What is required - Go through the data below and repeat it exactly, skipping each picture.

The data -
Segment Open
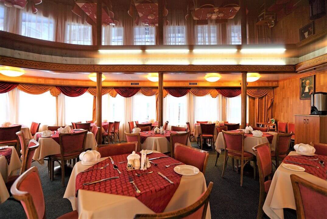 Питание организовано в две смены в двух ресторанах теплохода. Специальное диетическое и вегетарианское питание на борту не предусмотрено.
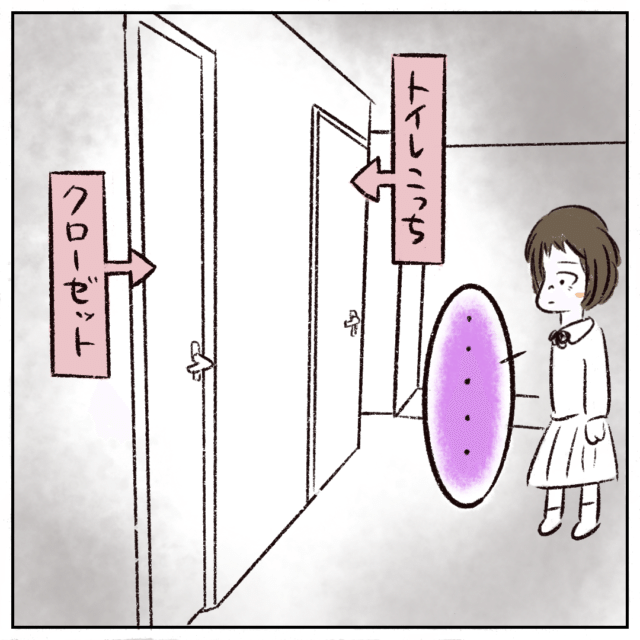そしてある日のこと、いつものように「トイレ行ってくるー」と立ち上がったさなかちゃん、部屋を出てトイレに向かうと、トイレのドアの左側にはクローゼットのドアがありました。
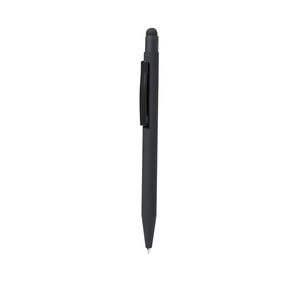 Bolígrafo puntero fabricado en aluminio. De mecanismo pulsador con puntero y clip metálico a juego con el cuerpo. Cuerpo terminación en goma, especialmente diseñado para marcaje en láser. De cartucho ...
Segment Closed
Exercise answer -
 Питание организовано в две смены в двух ресторанах теплохода. Специальное диетическое и вегетарианское питание на борту не предусмотрено.
そしてある日のこと、いつものように「トイレ行ってくるー」と立ち上がったさなかちゃん、部屋を出てトイレに向かうと、トイレのドアの左側にはクローゼットのドアがありました。
 Bolígrafo puntero fabricado en aluminio. De mecanismo pulsador con puntero y clip metálico a juego con el cuerpo. Cuerpo terminación en goma, especialmente diseñado para marcaje en láser. De cartucho ...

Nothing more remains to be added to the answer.